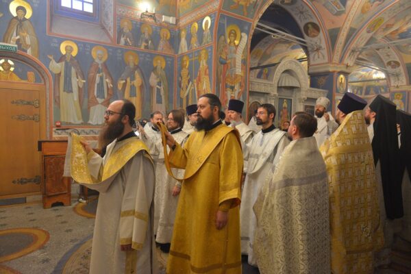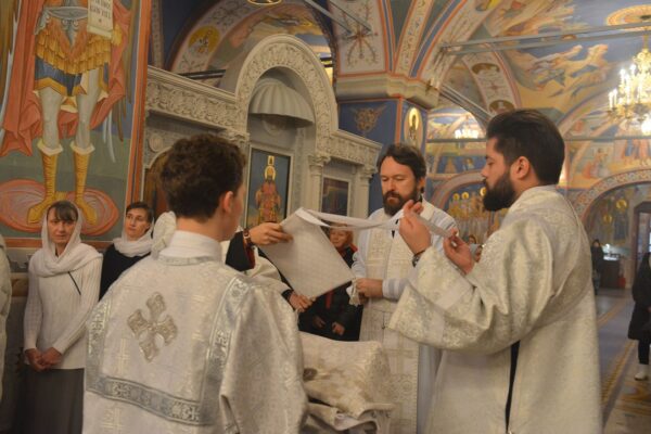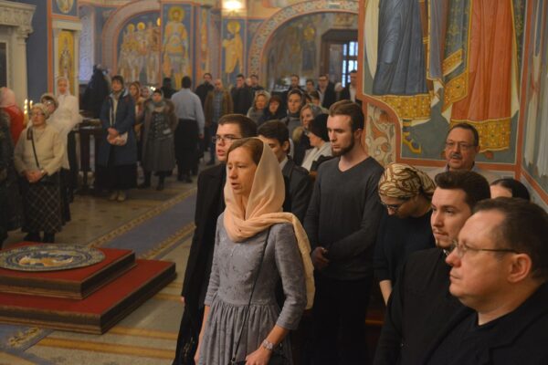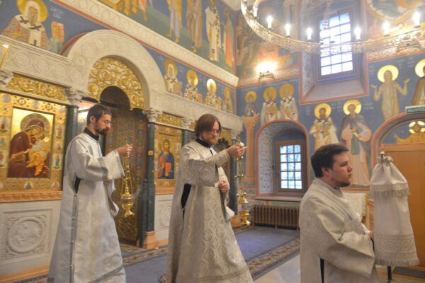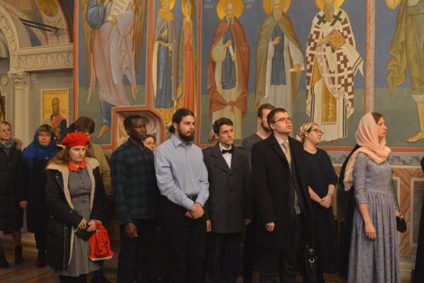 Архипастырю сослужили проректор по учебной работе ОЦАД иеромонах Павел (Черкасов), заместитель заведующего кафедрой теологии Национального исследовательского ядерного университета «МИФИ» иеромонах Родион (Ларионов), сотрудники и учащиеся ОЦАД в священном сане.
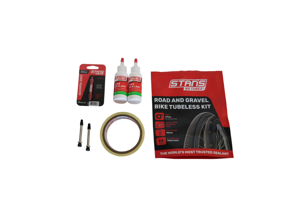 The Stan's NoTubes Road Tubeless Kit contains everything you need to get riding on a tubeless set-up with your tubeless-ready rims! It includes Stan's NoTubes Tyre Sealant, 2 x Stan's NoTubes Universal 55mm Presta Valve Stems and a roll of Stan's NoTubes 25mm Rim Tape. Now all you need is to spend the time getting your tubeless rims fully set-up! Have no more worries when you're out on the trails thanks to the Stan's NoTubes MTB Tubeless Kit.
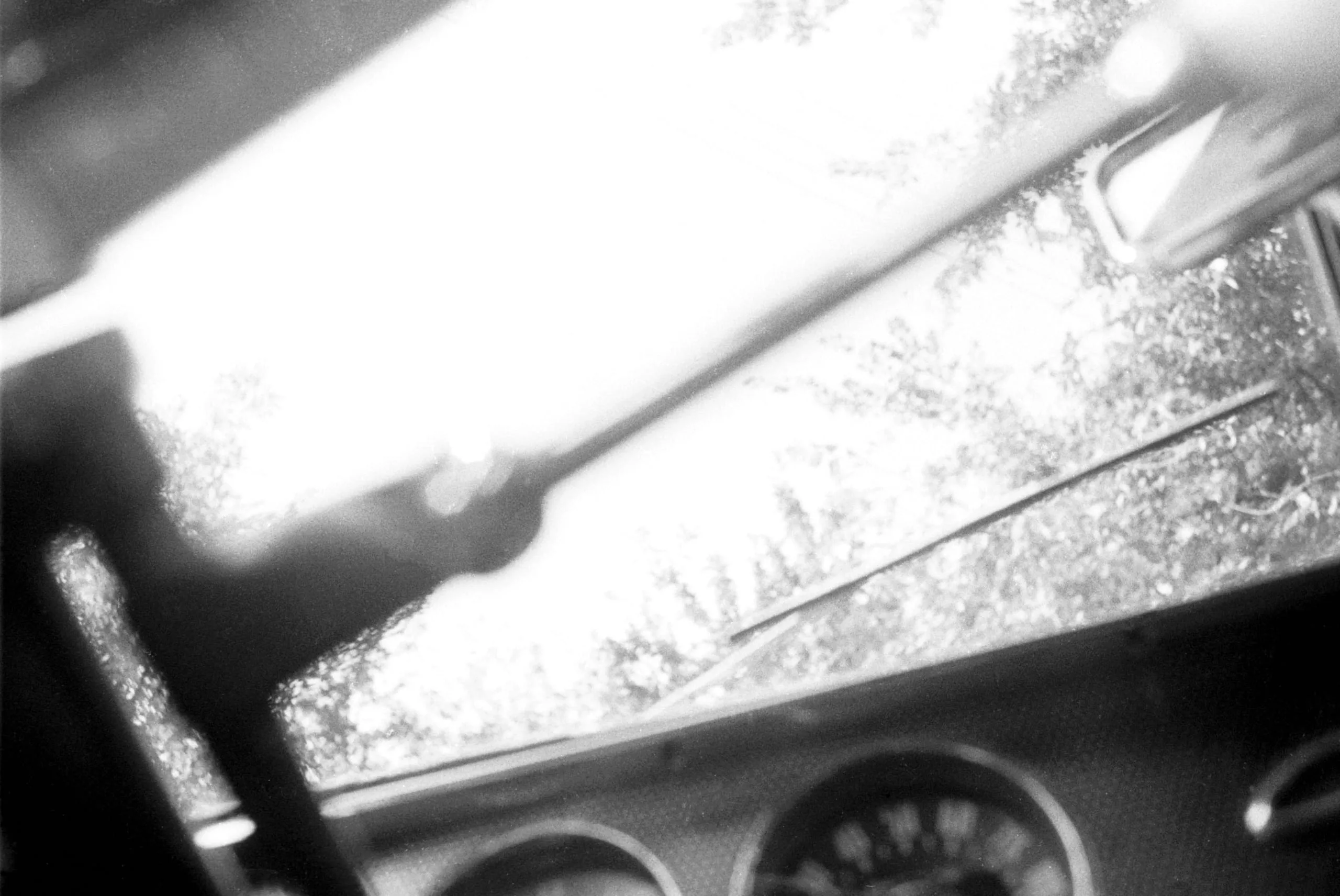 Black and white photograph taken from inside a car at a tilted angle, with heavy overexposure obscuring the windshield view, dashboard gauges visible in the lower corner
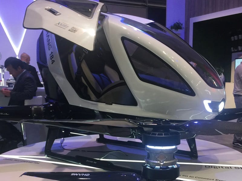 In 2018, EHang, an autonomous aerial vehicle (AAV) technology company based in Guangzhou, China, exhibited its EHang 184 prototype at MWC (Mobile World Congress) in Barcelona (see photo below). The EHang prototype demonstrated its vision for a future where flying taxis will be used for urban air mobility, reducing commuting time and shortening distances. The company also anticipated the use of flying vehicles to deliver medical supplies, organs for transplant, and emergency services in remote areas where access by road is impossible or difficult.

What you are asked to do
Take the lines from the start of the listing above through the line with "Black and white", both ends included, and copy them exactly, leaving the pictures behind.

Written answer
 Архипастырю сослужили проректор по учебной работе ОЦАД иеромонах Павел (Черкасов), заместитель заведующего кафедрой теологии Национального исследовательского ядерного университета «МИФИ» иеромонах Родион (Ларионов), сотрудники и учащиеся ОЦАД в священном сане.
 The Stan's NoTubes Road Tubeless Kit contains everything you need to get riding on a tubeless set-up with your tubeless-ready rims! It includes Stan's NoTubes Tyre Sealant, 2 x Stan's NoTubes Universal 55mm Presta Valve Stems and a roll of Stan's NoTubes 25mm Rim Tape. Now all you need is to spend the time getting your tubeless rims fully set-up! Have no more worries when you're out on the trails thanks to the Stan's NoTubes MTB Tubeless Kit.
 Black and white photograph taken from inside a car at a tilted angle, with heavy overexposure obscuring the windshield view, dashboard gauges visible in the lower corner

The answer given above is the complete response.